I have a body of PDF documents of differing vintage.

Our group had exported the documents as text to feed them into a natural-language parser (I think) to pull out subject-verb-predicate triples.

This hasn't performed as well as hoped so I exported the documents as XML using Acrobat Pro, hoping to capture the semantic document structure in order to pass it in as a hint to the text parser.

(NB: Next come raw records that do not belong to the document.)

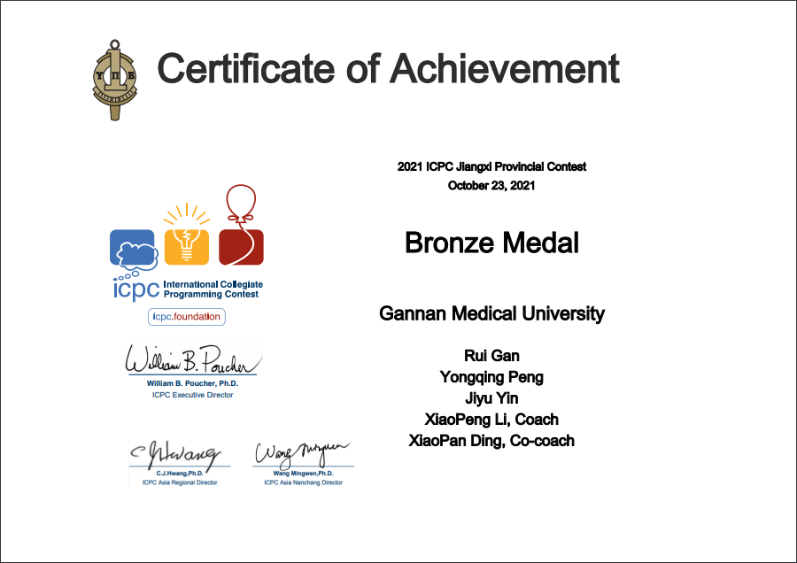 2021年ICPC(International Collegiate Programming Contest)江西省大学生程序设计竞赛10月23日在线上进行了江西赛区的比赛。我校医学信息工程学院参赛队伍荣获铜牌。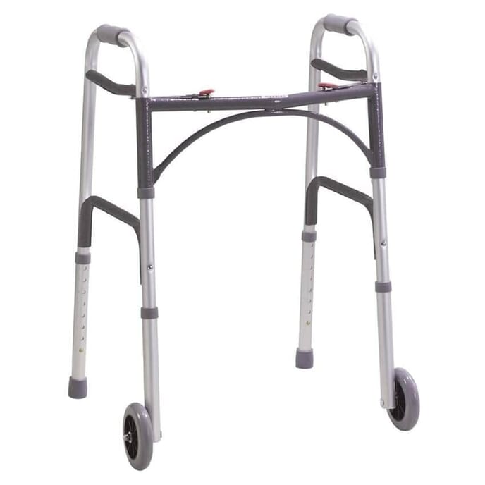 An adjustable width feature allows the frame to be narrowed when needed, making it easier to move through doorways or tighter spaces. The frame also folds down for more convenient storage or transport.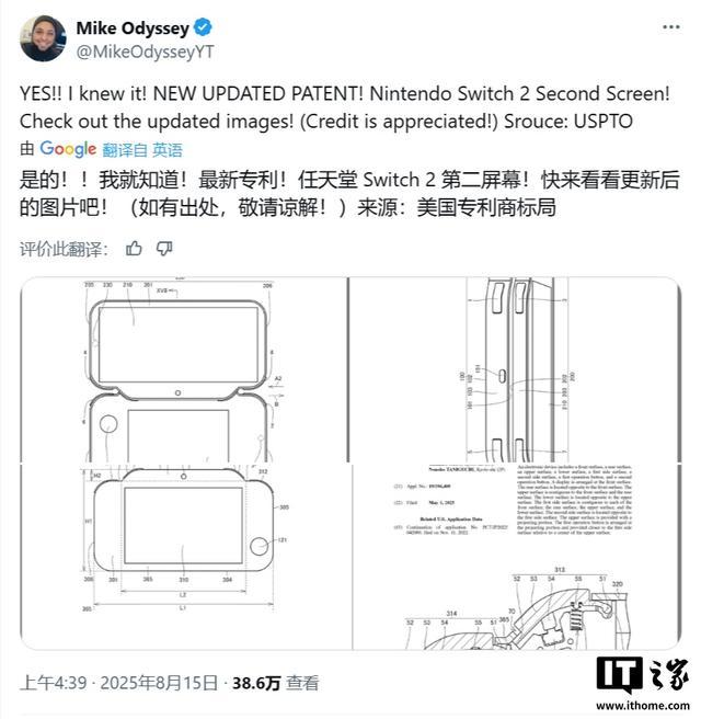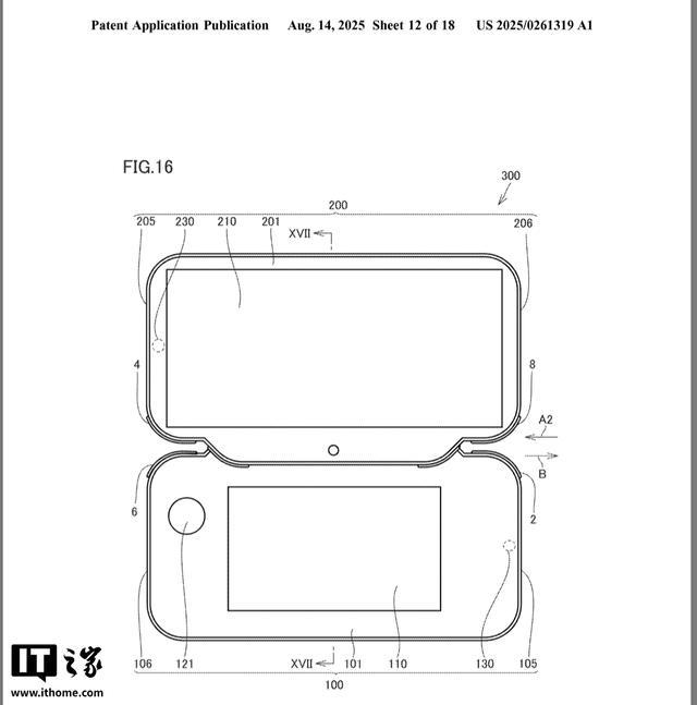 IT之家 8 月 16 日消息,消息源 @MikeOdysseyYT 昨日(8 月 15 日)在 X 平台发布推文,曝料称美国商标和专利局(USPTO)公示了任天堂申请的新专利,展示了双屏设计的 Switch 游戏掌机。

One document looked pretty good (something like this):

<TaggedPDF-doc>
  <bookmark-tree>...</bookmark-tree>
  <Sect>...</Sect>
  <Sect>...</Sect>
  <Sect>...</Sect>
  <Sect>...</Sect>
  <Sect>...</Sect>
  <Sect>...</Sect>
  <Sect>...</Sect>
  <Sect>...</Sect>
  <Sect>...</Sect>
</TaggedPDF-doc>

Another one wasn't quite so nice semantically:

<TaggedPDF-doc>
  <bookmark-tree>...</bookmark-tree>
  <Part>
    <H1>(name of document)</H1>
    <P>(title of document)</P>
    <Sect>
      <H1>22 October 2013 </H1>
      <P>...</P>
      <P>...</P>
      <P>...</P>
      <Figure>...</Figure>
      <P id="LinkTarget_1388">PREFACE </P>
      <P>1. Scope </P>
      <P>...</P>
      <P>2. Purpose </P>
      <P>...</P>
      <P>3. Application </P>
      <L>...</L>
      <P>Intentionally Blank </P>
      <P id="LinkTarget_1389">SUMMARY OF CHANGES </P>
      <P>...</P>
      <L>...</L>
      <P>Intentionally Blank </P>
      <P id="LinkTarget_1390">TABLE OF CONTENTS </P>
      <P>...</P>
      <P>...</P>    <!-- Chapter 1 started here -->
      <P>...</P>
      <P>...</P>    <!-- Chapter 2 started here -->
      <P>...</P>
      <P>...</P>    <!-- Chapter 3 started here -->
      <P>...</P>
      <P>CHAPTER IV </P>
      <P>...</P>
      <P>(part of chapter 4 title)</P>
      <P>...</P>
      <P>...</P>
      <P>...</P>
      <P>...</P>
      <P>...</P>
      <P>...</P>
      <P>...</P>
      <P>...</P>
      <Link>...</Link>
      <Link>...</Link>
      <P>...</P>
      <Link>...</Link>
      <P>Intentionally Blank </P>
      <P id="LinkTarget_1391">EXECUTIVE SUMMARY </P>
      <P>(section title)</P>
      <P>(a bullet item inside only a paragraph element)</P>
      <P>(a bullet item inside only a paragraph element)</P>
      <P>...</P>
      <P>...</P>
      <P>...</P>
      <P>(some text inside only a paragraph element)</P>
      <P>...</P>
      <P>...</P>
      <P>...</P>
      <P>...</P>
      <P>...</P>
      <P>...</P>
      <P>(some text inside only a paragraph element)</P>
      <P>...</P>
      <Table>...</Table>
      <P>(some text inside only a paragraph element)</P>
      <P>...</P>
      <P>...</P>
      <P>...</P>
      <P>...</P>
      <Sect>...</Sect>
      <Sect>...</Sect>
      <Sect>...</Sect>
      <Sect>...</Sect>
      <Sect>...</Sect>
      <Sect>...</Sect>
      <Sect>...</Sect>
      <Sect>...</Sect>
      <Sect>...</Sect>
      <Sect>...</Sect>
      <Sect>...</Sect>
    </Sect>
  </Part>
</TaggedPDF-doc>

I'm relatively new to data science but handling the "normalization" of this kind of data set (XML documents largely in a chapter-section-subsection format) is a fairly tractable problem? Or maybe even a solved one?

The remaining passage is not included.